What to produce:
Pictures stay out of the copy. Transcribe exactly, and only, the line with "Yakalı, uzun kollu, pamuklu" through the last line of the entries below.
--- START ---
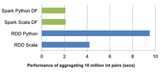 上图比较了在单台机器上对 1000 万个整数对运行分组聚合的运行时性能(源代码)。 由于 Scala 和 Python DataFrame 操作都被编译成 JVM 字节码以供执行,因此两种语言之间几乎没有区别,并且都比 vanilla Python RDD 变体快五倍,比 Scala RDD 变体快两倍。
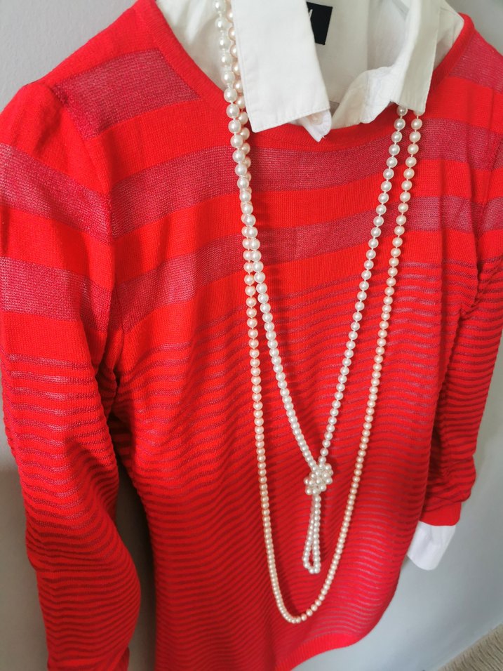 Yakalı, uzun kollu, pamuklu kırmızı çizgili ve inci detaylı kadın kazak. Modern klasik tarza uygun, günlük kullanıma ideal.
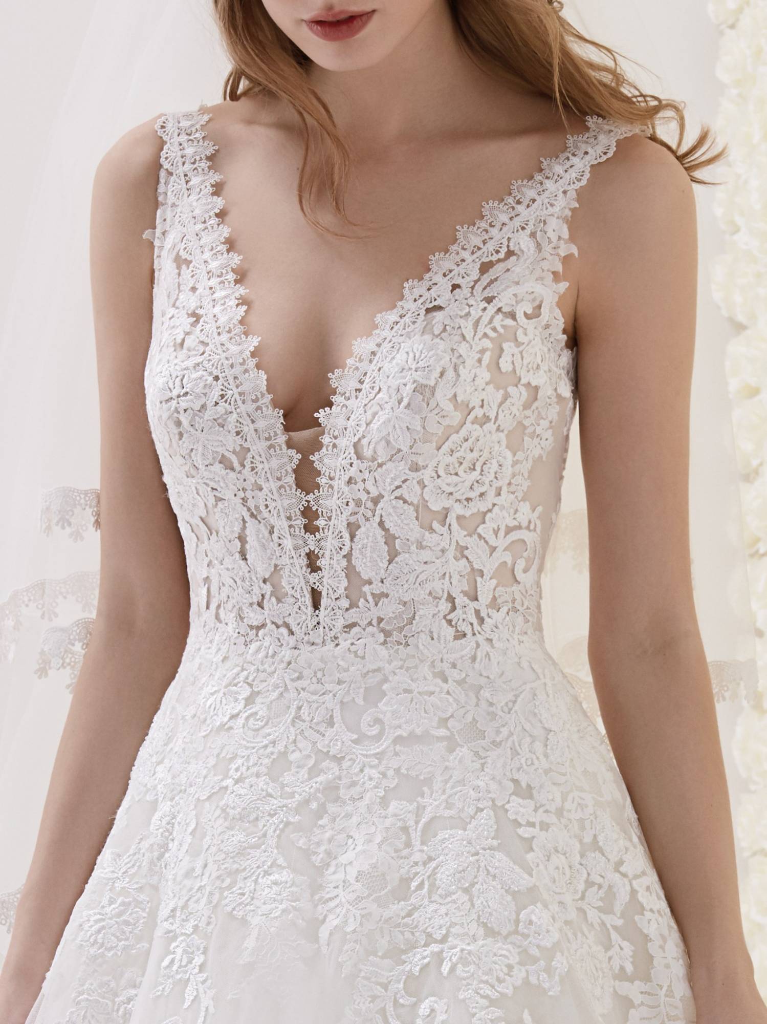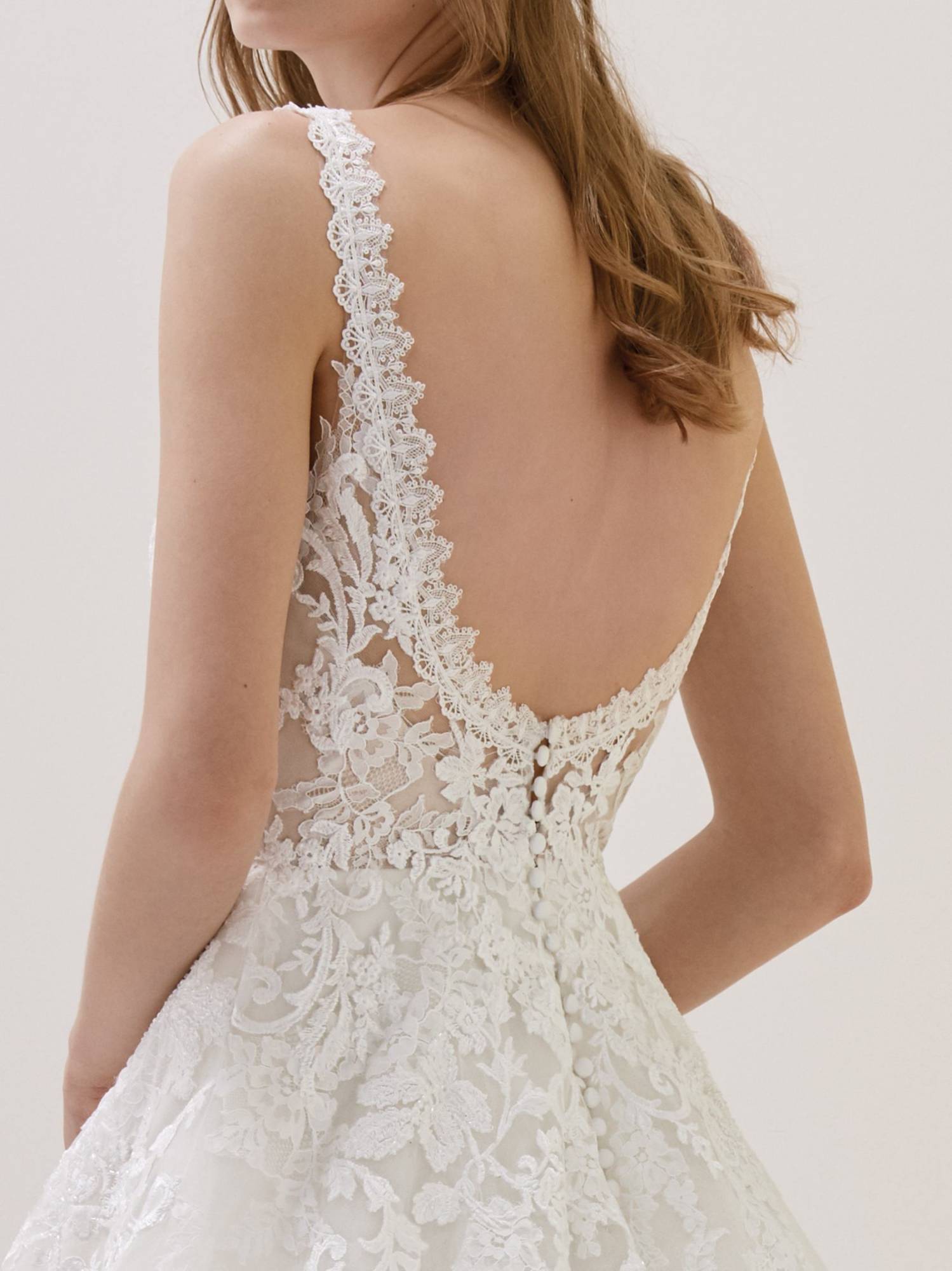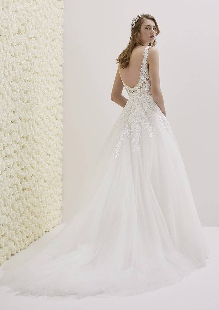 Choisissez cette magnifique robe de mariée Pronovias référence Estibaliz, de forme princesse, avec son bustier composé de bretelles en dentelle ajourée d'un décolleté plongeant effet glamour garanti, la jupe de cette robe de mariée est en tulle trapèze en A.
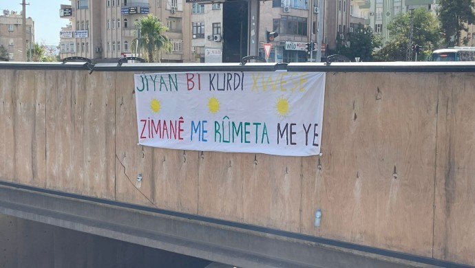 Gençler, Kürtçe’ye dönük saldırılara pankartla tepki gösterdi
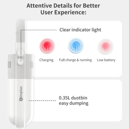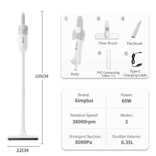 Simplus Cordless Vacuum Cleaner 012-65W-4000mAh-White-Charging Cable Included-USB-C Interface
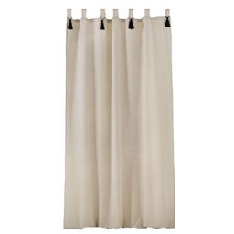 Rideau à passants avec pompons noirs - 140 x 240 cm - Naturel
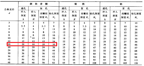設(shè)計(jì)手冊(cè)上提到的經(jīng)驗(yàn)公式,其主要考慮的是材料的性能,即不同材料的螺紋損壞的難易程度不同,其備用的扣數(shù)不同。以M16螺釘為例,鋼板通孔深度20,盲孔16。
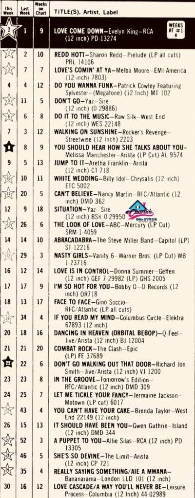 By way of comparison here is the Billboard Dance chart for the second week of October 1982. It has a good showing of Boystown and Hi-NRG, as well as Synth Pop tracks, which would find their way into in gay club DJ mix sets.
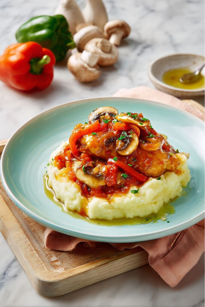 Tender chicken, mushrooms, peppers, and rich tomato sauce—comfort food that means business. This hearty skillet meal earns its spot among Stanley Tucci Recipes with bold flavor and serious cozy vibes.
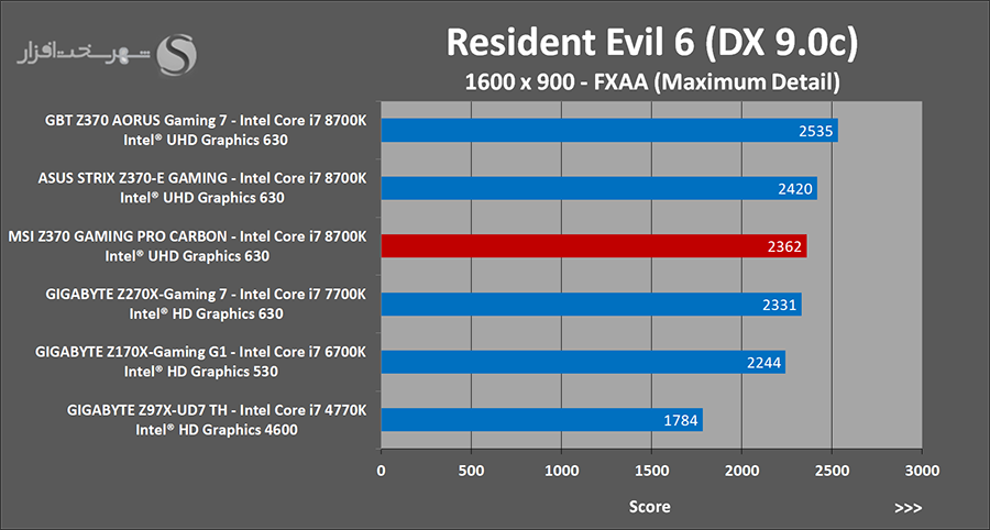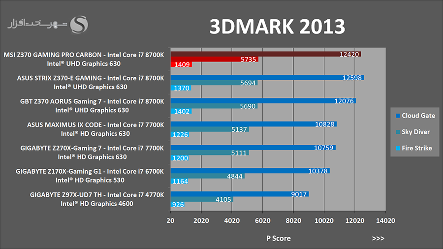 همانطور که در صفحات ابتدایی این بررسی اشاره شد یکی از قابلیتهای جدید معماری Coffee Lake بهبود کارایی و افزایش امکانات و قابلیتهای تراشههای گرافیکی مجتمع بر روی پردازندههای این معماری میباشد. به همین دلیل در این بخش قصد داریم توسط نرمافزارهای 3DMARK و چند گیم جدید و مدرن کارایی تراشه گرافیکی Intel UHD Graphics 630 مجتمع بر روی پردازنده Intel Core i7 8700K را محک بزنیم.
--- END ---
Your solution:
 Yakalı, uzun kollu, pamuklu kırmızı çizgili ve inci detaylı kadın kazak. Modern klasik tarza uygun, günlük kullanıma ideal.
 Choisissez cette magnifique robe de mariée Pronovias référence Estibaliz, de forme princesse, avec son bustier composé de bretelles en dentelle ajourée d'un décolleté plongeant effet glamour garanti, la jupe de cette robe de mariée est en tulle trapèze en A.
 Gençler, Kürtçe’ye dönük saldırılara pankartla tepki gösterdi
 Simplus Cordless Vacuum Cleaner 012-65W-4000mAh-White-Charging Cable Included-USB-C Interface
 Rideau à passants avec pompons noirs - 140 x 240 cm - Naturel
設(shè)計(jì)手冊(cè)上提到的經(jīng)驗(yàn)公式,其主要考慮的是材料的性能,即不同材料的螺紋損壞的難易程度不同,其備用的扣數(shù)不同。以M16螺釘為例,鋼板通孔深度20,盲孔16。
 By way of comparison here is the Billboard Dance chart for the second week of October 1982. It has a good showing of Boystown and Hi-NRG, as well as Synth Pop tracks, which would find their way into in gay club DJ mix sets.
 Tender chicken, mushrooms, peppers, and rich tomato sauce—comfort food that means business. This hearty skillet meal earns its spot among Stanley Tucci Recipes with bold flavor and serious cozy vibes.
 همانطور که در صفحات ابتدایی این بررسی اشاره شد یکی از قابلیتهای جدید معماری Coffee Lake بهبود کارایی و افزایش امکانات و قابلیتهای تراشههای گرافیکی مجتمع بر روی پردازندههای این معماری میباشد. به همین دلیل در این بخش قصد داریم توسط نرمافزارهای 3DMARK و چند گیم جدید و مدرن کارایی تراشه گرافیکی Intel UHD Graphics 630 مجتمع بر روی پردازنده Intel Core i7 8700K را محک بزنیم.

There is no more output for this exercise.